Orig allowed the red blush to creep around the back of his steel-plated
neck.

"She was very young, sir, and very beautiful, and the Mayor--well, I
think the necrology records show that he died of senility the following
year."

Stieve brought his feet to the pneumatic floor with what he wished
would be a crash. "You dummy!"

"That's only logic, sir," Orig said apologetically.

"It may be logic," Stieve said sternly, "but it isn't human, and it's
got us in bad. After all, we must be diplomats. We represent the
Twenty-Third Century, Prem."

Orig frowned. Then he said meekly, "To save my soul--pardon me--to save
my thermionic relays I won't see why you were out in the pantry kissing
the Mayor's wife's maid. The Mayor's wife was most indignant over that,
sir. She said she didn't realize she had moss on her--whatever that
means--and I was just trying to console her."
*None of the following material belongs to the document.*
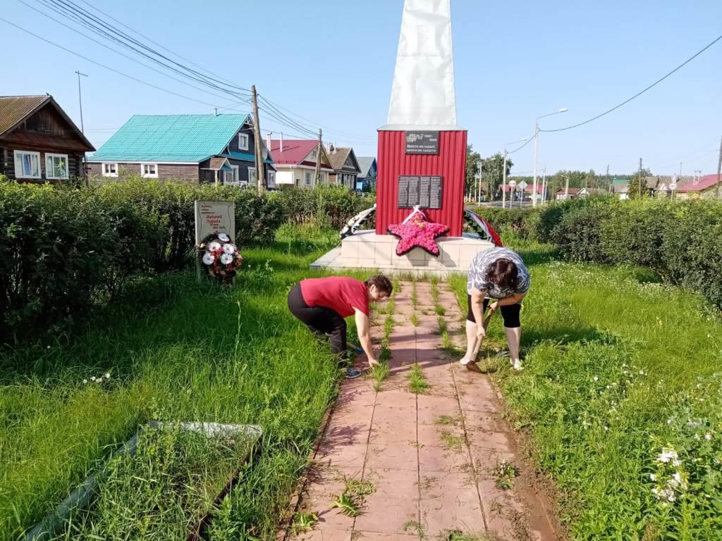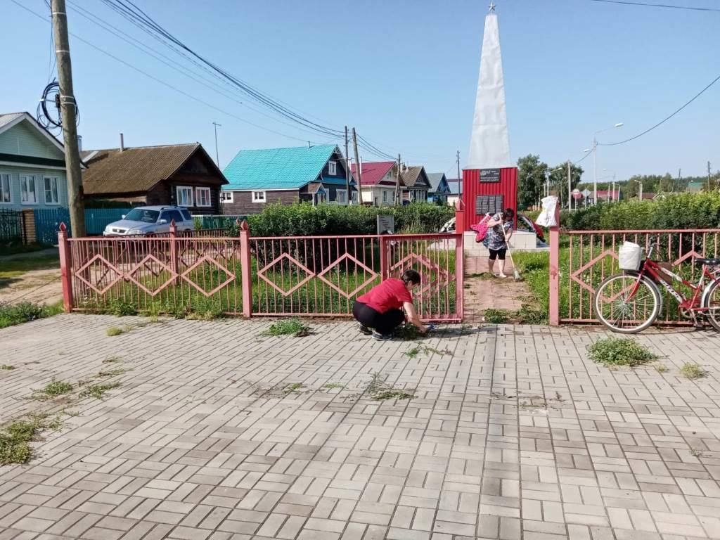 Специалисты по работе с населением в селах совместно с сотрудниками местных администраций вне зависимости от сезона года регулярно занимаются уборкой территорий возле обелисков.

"Well," Stieve said dreamily, "that maid was a very choice--hey--" He
sat up straight. "If I thought you were trying to be insubordinate I'd
have your thermopile checked. Anyway," he said morosely, "it's a good
thing Medlock's android in charge of Time Traffic last night was a new
man, or he wouldn't have let us come back ahead of schedule. And it's a
good thing the Mayor is working for his degree in Sidewalk Engineering
and had to leave just then to watch one of their old-fashioned
bulldozers push down a brick building, or we'd be rotting right now in
a cold damp cell back in Nineteen-Thirty. And your joints would rust.
How would you like that?"

Orig shook his shining head. "Not very well, sir."

"And now," Stieve went on, "the chief of police back in Nineteen-Thirty
said he'd have six squad cars waiting for us this afternoon. If they
get us in the jug, we may spend the rest of our lives there. Those
Twentieth Century judges don't like our Time Travel legal experts. They
say it balls up the precedents."

"What shall we do, sir?" Orig asked respectfully.

       *       *       *       *       *

Stieve got up and went to the transparent plastic wall. He watched a
sky-tractor ease a pre-fabricated floor onto the ninety-story Liberty
Tower across the street. Then he turned around.

"I'll have to see Smullen. Maybe he'll give me another assignment. I
don't dare tell him the truth about what you've done because he's an
android man."

"I'm genuinely sorry, sir," said Orig. "Honest, I was only getting
things organized for you with the Mayor's wife, sir. It's one of my
built-in principles, you know, sir, to be helpful. You were present at
my conditioning, sir. In fact, you sponsored me. Have you forgotten,
sir, the words of the integrator as he connected my brain-cells. 'A
helpful robot is a happy robot?'"

Stieve made a face. "You can sop up the deluge," he said dryly. "I
am well aware that you are the greatest little organizer in _Solar
News_. I am also certain that you and I don't dare go back to the
year Nineteen-Thirty until the administration changes or until we can
figure out a way to make things right. Well, keep your articulated
fingers crossed, I'm going to see Smullen."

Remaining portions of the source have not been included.